[Records from a dataset]
--------------------------------------------------

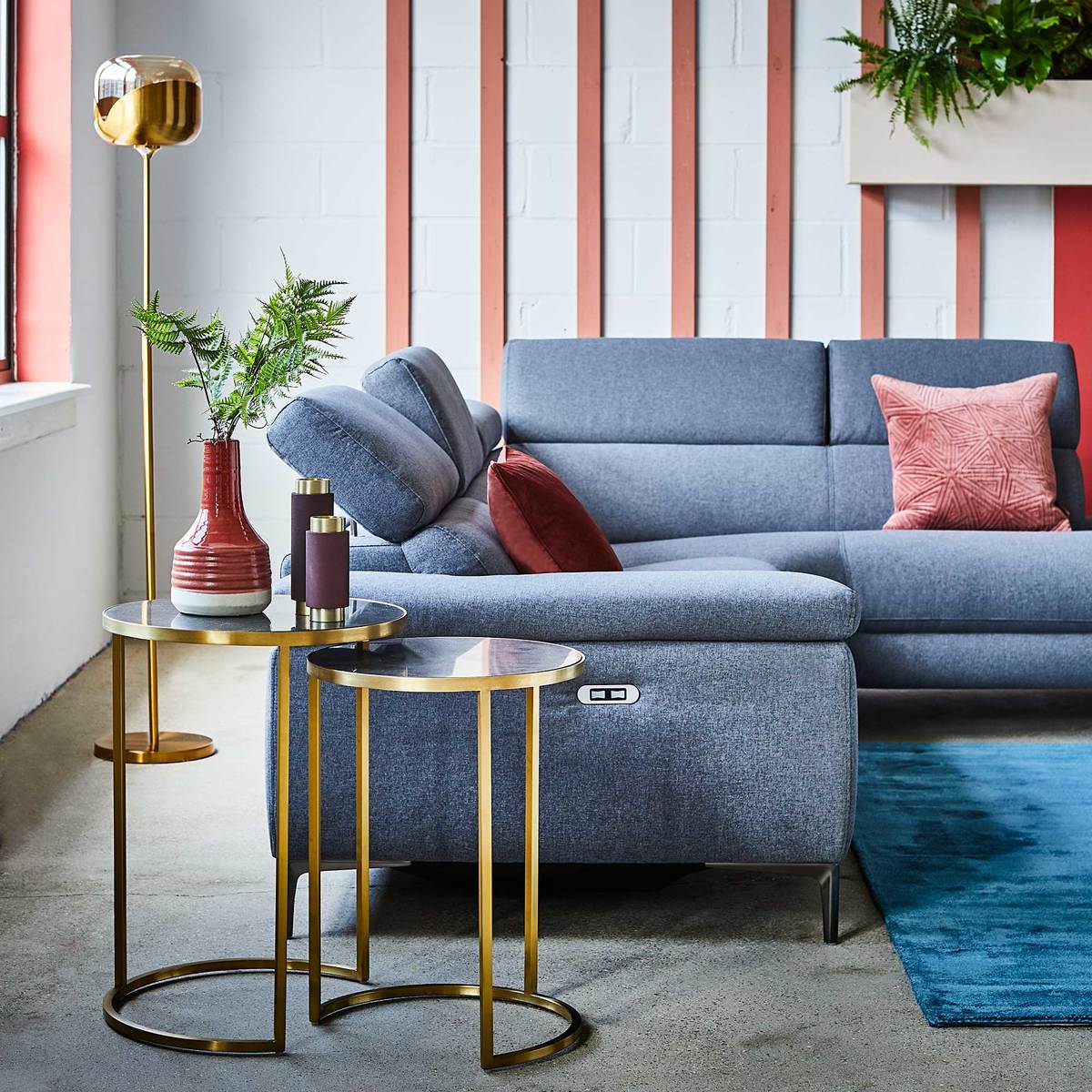 A vintage metal frame with a striking brass finish is the perfect match for the Vincenti Side Table’s sleek bluestone top. With raw materials that blend right into an industrial décor, the Vincenti’s round shape adds a sense of softness – ideal for complementing the soft leathers and lush greenery of an urban-nordic inspired interior. Available in two sizes, when paired, the two create stylish set that is sure to impress as well as provide plenty of stunning surface space.
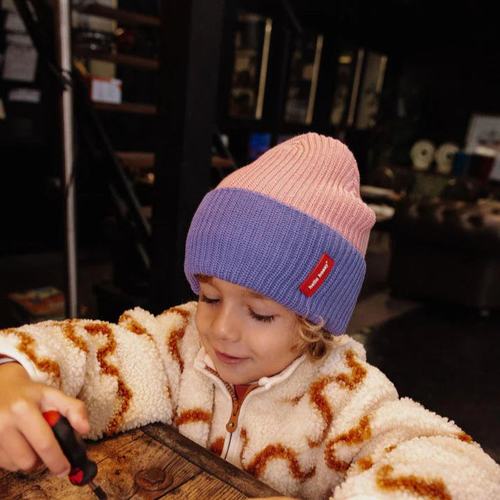 On adore le Bonnet pour enfants et bébés, Flow Maya. 100% coton bio, sans pompon, revers large. À porter en famille, parfait pour l’automne-hiver. Ne vous le faites pas chiper !
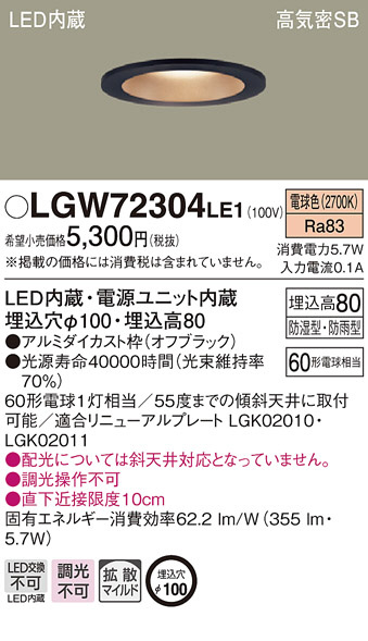 Panasonic LED ¥À¥¦¥ó¥é¥¤¥È LGW72304LE1
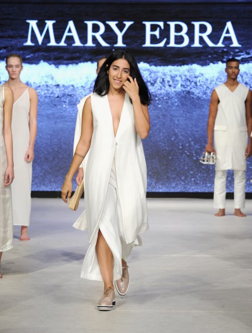 A uniform of white paraded down the runway to start Day five of Vancouver Fashion Week. Mary Ebra’s unisex collection of minimal cuts displayed developments and experiments of angles and straight lines. Metallic mirrored silver shoes carried in hand further denoted a modern style. A standout look was an almost-invisible sheer round-neck tee, paired with opaque wide leg pants. Translucent layers allowed a view of the interior construction with seams highlighted in white.
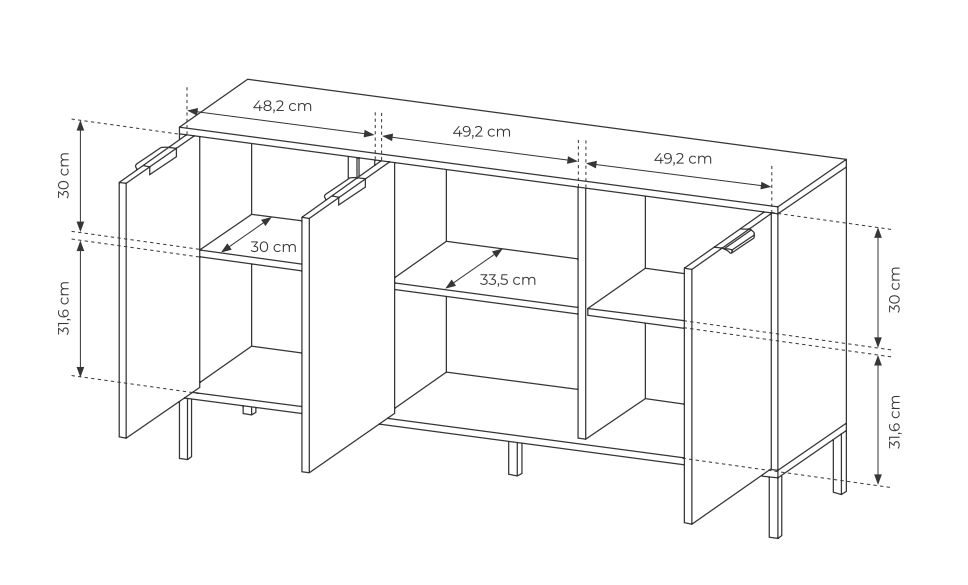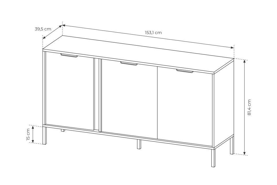 Dzięki zastosowaniu wysokiej jakości płyt laminowanych oraz ABS, nasza komoda 153 cm szerokości emanuje luksusem i solidnością. Zawiasy wpuszczane i prowadnice kulkowe zapewniają płynne otwieranie szuflad oraz stabilność konstrukcji. Jej wymiary sprawiają, że doskonale sprawdzi się zarówno w większych, jak i mniejszych przestrzeniach, zapewniając optymalne wykorzystanie miejsca.
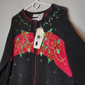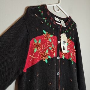 NWT White Stag Cardinal Embroidered Embellished Black Knit Cardigan 22/24 3X
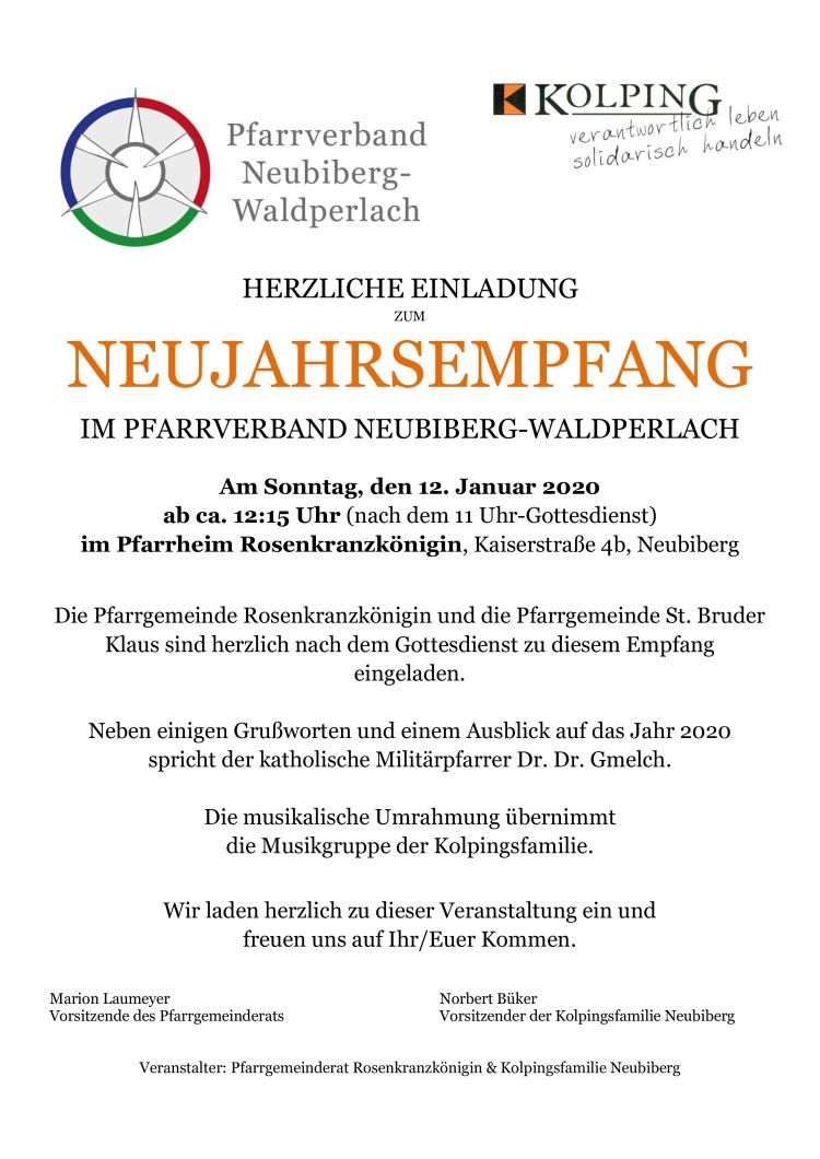 Am Sonntag, den 12. Januar 2019 ab ca. 12:15 Uhr (nach dem 11:00 Uhr-Gottesdienst) im Pfarrheim Rosenkranzkönigin, Kaiserstraße 4b, Neubiberg

--------------------------------------------------

* **What is expected**:
Go to the line above holding "Panasonic LED ¥À¥¦¥ó¥é¥¤¥È LGW72304LE1", then copy exactly each line down to and including the one holding "NWT White Stag", leaving pictures out.

* **Answer for this exercise**:
 Panasonic LED ¥À¥¦¥ó¥é¥¤¥È LGW72304LE1
 A uniform of white paraded down the runway to start Day five of Vancouver Fashion Week. Mary Ebra’s unisex collection of minimal cuts displayed developments and experiments of angles and straight lines. Metallic mirrored silver shoes carried in hand further denoted a modern style. A standout look was an almost-invisible sheer round-neck tee, paired with opaque wide leg pants. Translucent layers allowed a view of the interior construction with seams highlighted in white.
 Dzięki zastosowaniu wysokiej jakości płyt laminowanych oraz ABS, nasza komoda 153 cm szerokości emanuje luksusem i solidnością. Zawiasy wpuszczane i prowadnice kulkowe zapewniają płynne otwieranie szuflad oraz stabilność konstrukcji. Jej wymiary sprawiają, że doskonale sprawdzi się zarówno w większych, jak i mniejszych przestrzeniach, zapewniając optymalne wykorzystanie miejsca.
 NWT White Stag Cardinal Embroidered Embellished Black Knit Cardigan 22/24 3X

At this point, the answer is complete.